El cine como recreador de ciudades

El Santiago de Play

Por Rodrigo Culagovski R.

 
 

Cine y ciudad moderna

El cine es una forma de cultura peculiarmente espacial porque opera y es mejor entendido en términos de la organización del espacio: tanto el espacio en las películas -el espacio de la toma; el espacio del planteamiento narrativo; la relación geográfica de las diversas escenas en secuencia; el mapeo de un ambiente vivido en el cine; y las películas en el espacio- la formación de espacios urbanos por el cine como práctica cultural; la organización de su industria en los niveles de producción, distribución y exhibición; la función del cine en la globalización“ (Shiel, 2001).

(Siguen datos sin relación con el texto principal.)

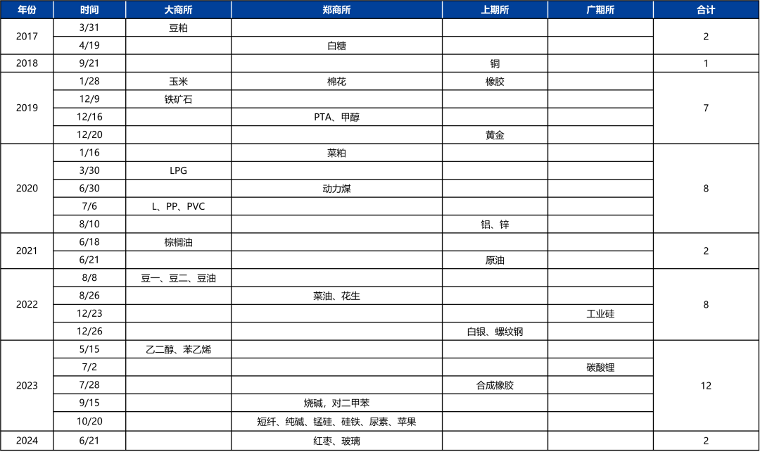 2024上半年新增红枣和玻璃两个商品期权,品种数量达到42个。下半年大商所的鸡蛋、玉米淀粉和生猪期权计划上市,上期所和广期所也有新增品种计划,年内商品期权数量有望接近50个。
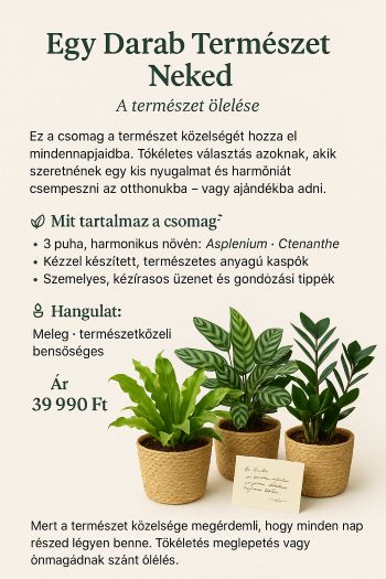 Ez a csomag a természet közelségét hozza el mindennapjaidba. Tökéletes választás azoknak, akik szeretnének egy kis nyugalmat és harmóniát csempészni az otthonukba vagy ajándékba adni.
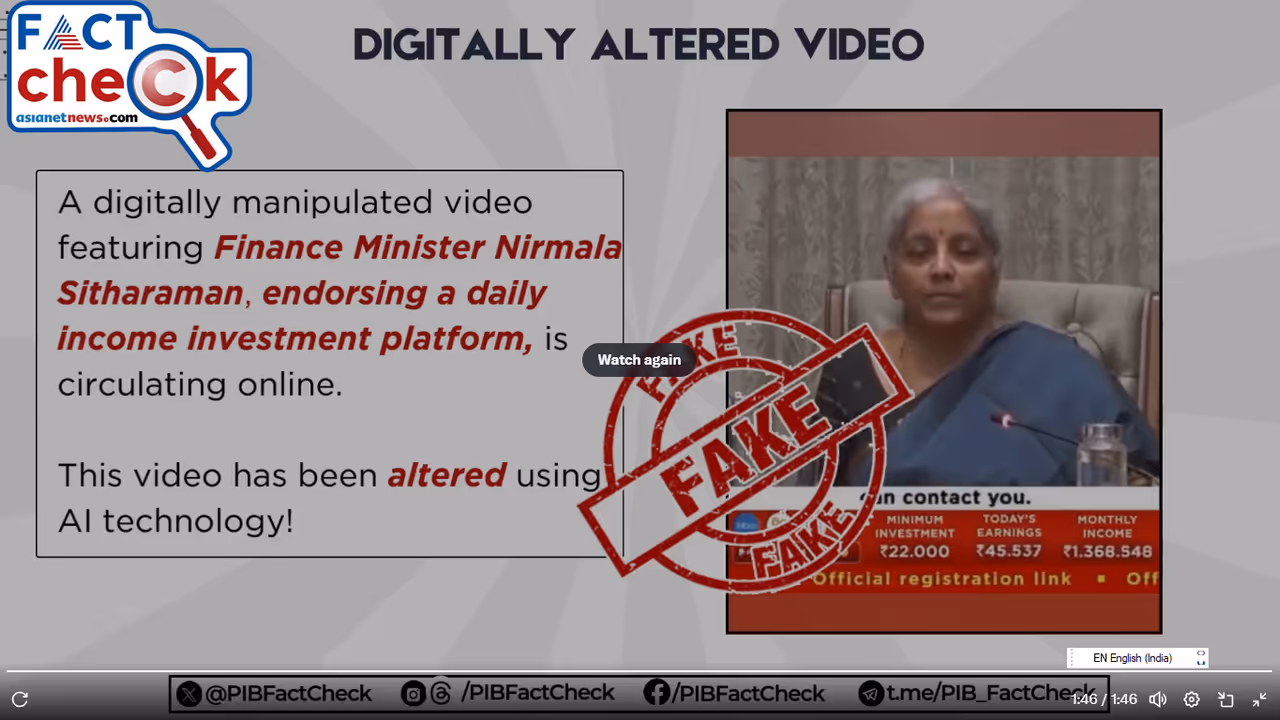 पीआईबी फैक्ट चेक में ये वीडियो पूरी तरह फर्जी निकला है। इसे AI की मदद से बनाया गया है। वित्त मंत्री या भारत सरकार द्वारा ऐसी कोई योजना न तो शुरू की गई है और न ही उसे सपोर्ट किया जा रहा है। इस तरह के किसी भी संदिग्ध निवेश दावे का शिकार न बनें। सतर्क रहें। भरोसा करने से पहले पुष्टि करें।
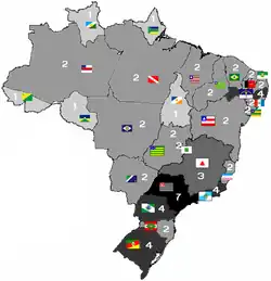 El reparto de los participantes por vía campeonato estatal (54 plazas) fue así: Los 5 primeros estados en la clasificación por estados de la CFB (São Paulo, Río de Janeiro, Rio Grande do Sul, Minas Gerais y Paraná) obtienen 3 plazas, los colcados entre la 6.º a la 22.º obtienen 2 plazas y los 5 peores (Acre, Rondônia, Tocantins, Amapá y Roraima) obtienen sólo 1 plaza.
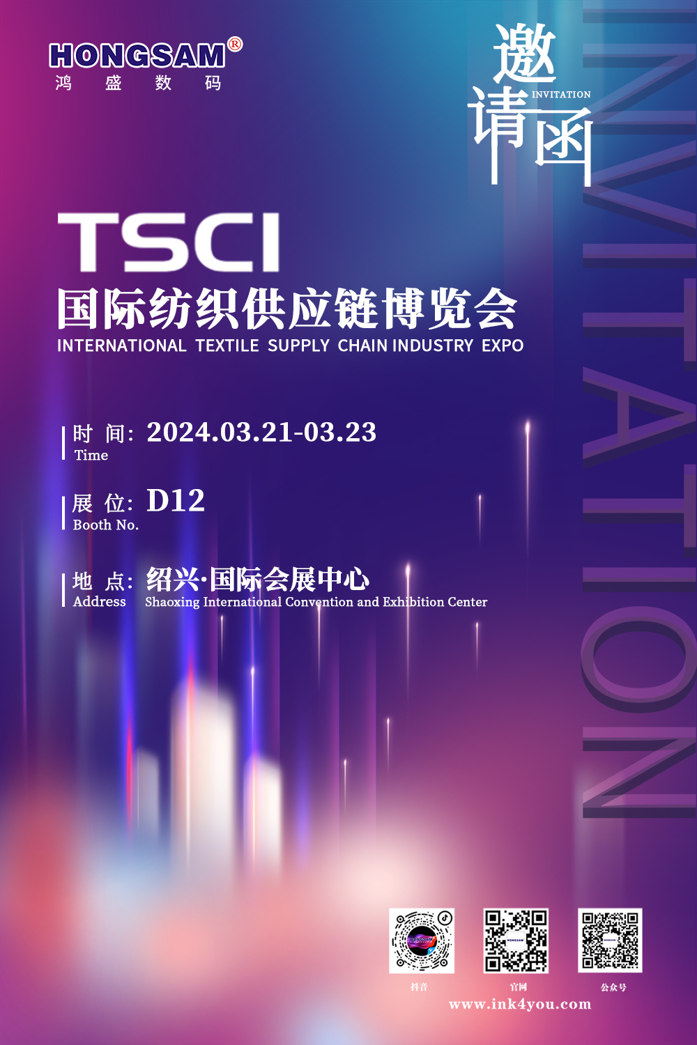 TSCI 2024(第七屆)國際紡織供應鏈工業博覽會將于2024年3月21日-23日在紹興·國際會展中心盛大開展,屆時,鴻盛數碼(展位號:D12)將攜旗下紡織系列墨水及打印方案隆重亮相,敬請期待!
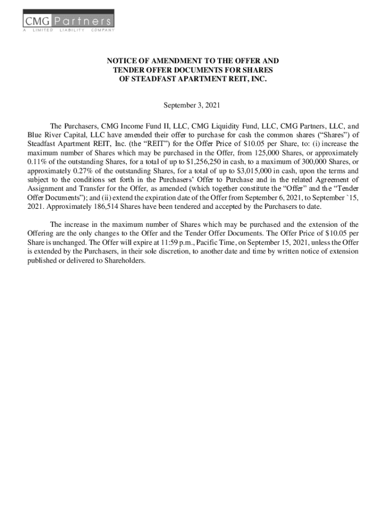 NOTICE OF AMENDMENT TO THE OFFER AND TENDER OFFER DOCUMENTS FOR SHARES OF STEADFAST APARTMENT REIT, INC. September 3, 2021, The Purchasers, CMG Income Fund II, LLC, CMG Liquidity Fund, LLC, CMG Partners,
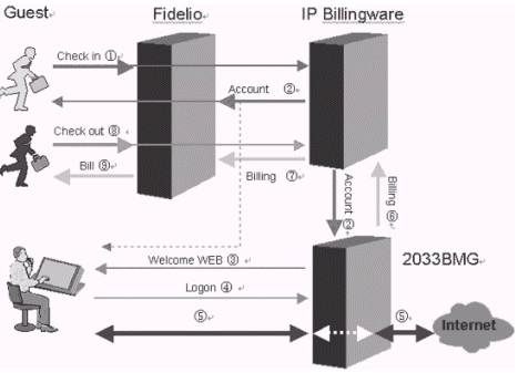 本方案將Dr.COM計(jì)費(fèi)系統(tǒng)作為一個(gè)部件嵌入到酒店現(xiàn)有的管理軟件系統(tǒng)里。這樣做的好處是酒店經(jīng)營者不必面對兩套系統(tǒng)。

El cine tiene una relación múltiple con el desarrollo de la ciudad moderna: es a la vez una representación, o con más propiedad una recreación, del espacio urbano; es también un factor que influencia e informa la creación de la ciudades, por su capacidad de representar y hasta crear imágenes y deseos; y es finalmente un producto industrial solo imaginable en su forma actual dentro del contexto de la ciudad contemporánea como hecho económico y comercial. Esta relación triple, tanto de mirar una realidad, darle forma y surgir de ella, hace que el análisis del cine relacionado con ciertas urbes nos pueda ayudar a entender sus procesos de cambios y la percepción social de estos procesos.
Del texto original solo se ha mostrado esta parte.